Oil itself, then, was a poem. Or a priest, or a prostitute, depending on your point of view. Utterly necessary. At the very least, useful and pleasurable. Oil. Incense oil. Fragrant oil. Oil of Extreme Unction. Oiling the wheels of industry. My head thou dost with oil anoint, and my cup overflows. I don’t have any bread – only a handful of flour in a jar and a little oil in a jug. For this is what the Lord, the God of Israel says: ‘The jar of flour will not be used up and the jug of oil will not run dry until the day the Lord gives rain on the land.’ Money is none of the wheels of trade: it is the oil which renders the motion of the wheels more smooth and easy. The poetry of oil, and oil as poetry.

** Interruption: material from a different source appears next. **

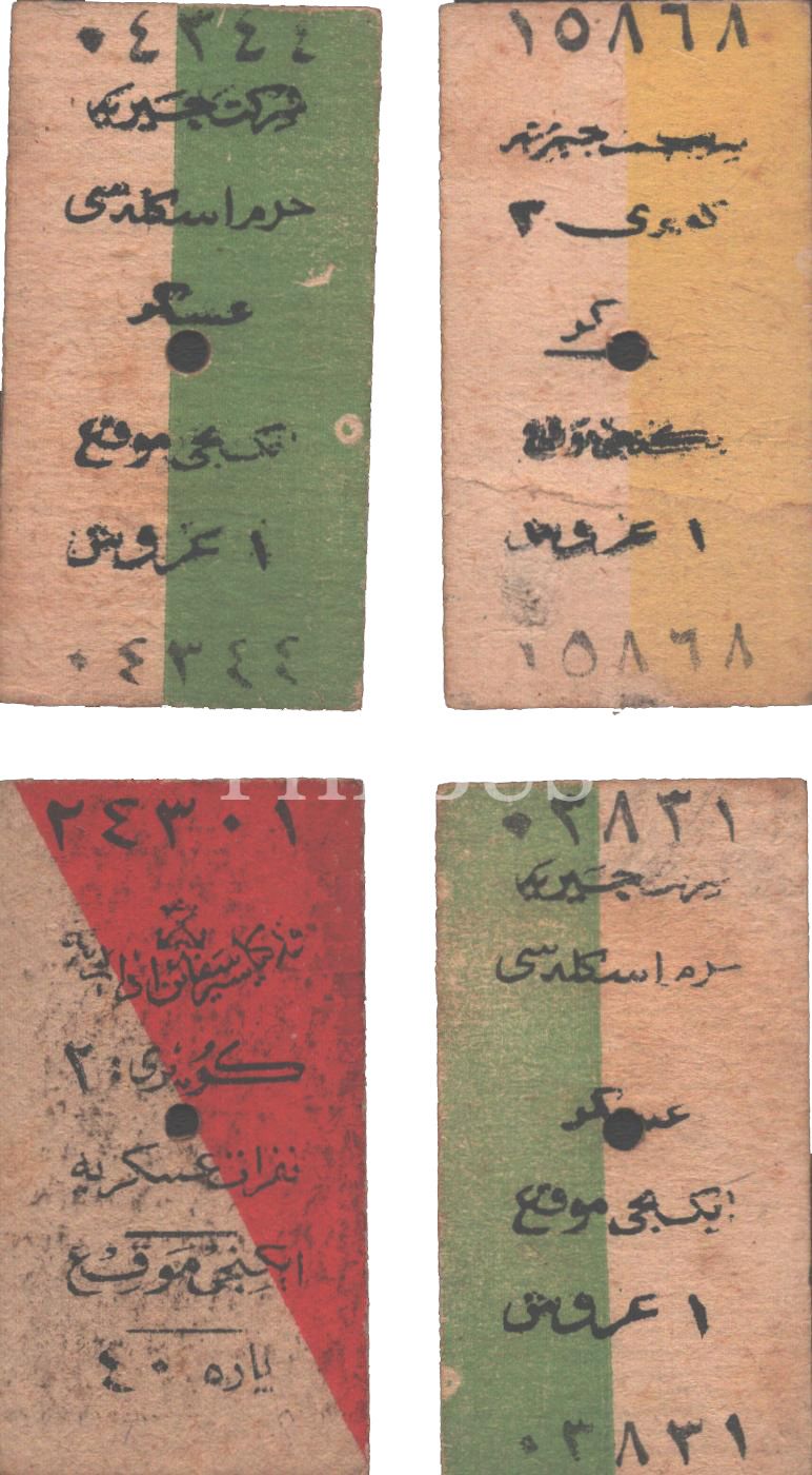 Şirket-i Hayriye vapurlarının 4 adet Osmanlıca bileti, 6x3 cm...

Ted Hah himself was at the desk dishing out the jobs. Almost like jabbing a pin into the wall, Archie selected one marked ‘Elevator Operator’. He had no notion what it meant. He just liked the sound of the words. And besides, it was in the sector clearly marked ‘Unskilled’.

‘Excellent choice!’ Ted Hah said to him, smiling. ‘One of the best jobs going. If I didn’t have to be here, there and everywhere myself, it’s exactly the job I would have chosen! All you do is press a button and the elevator goes up! And when you hear a
Ping!
– hey presto, you press the other button and
Hallelujah!
– the elevator comes down! Good luck,’ he shouted as Archie was led off to his chosen task in the Great Venture.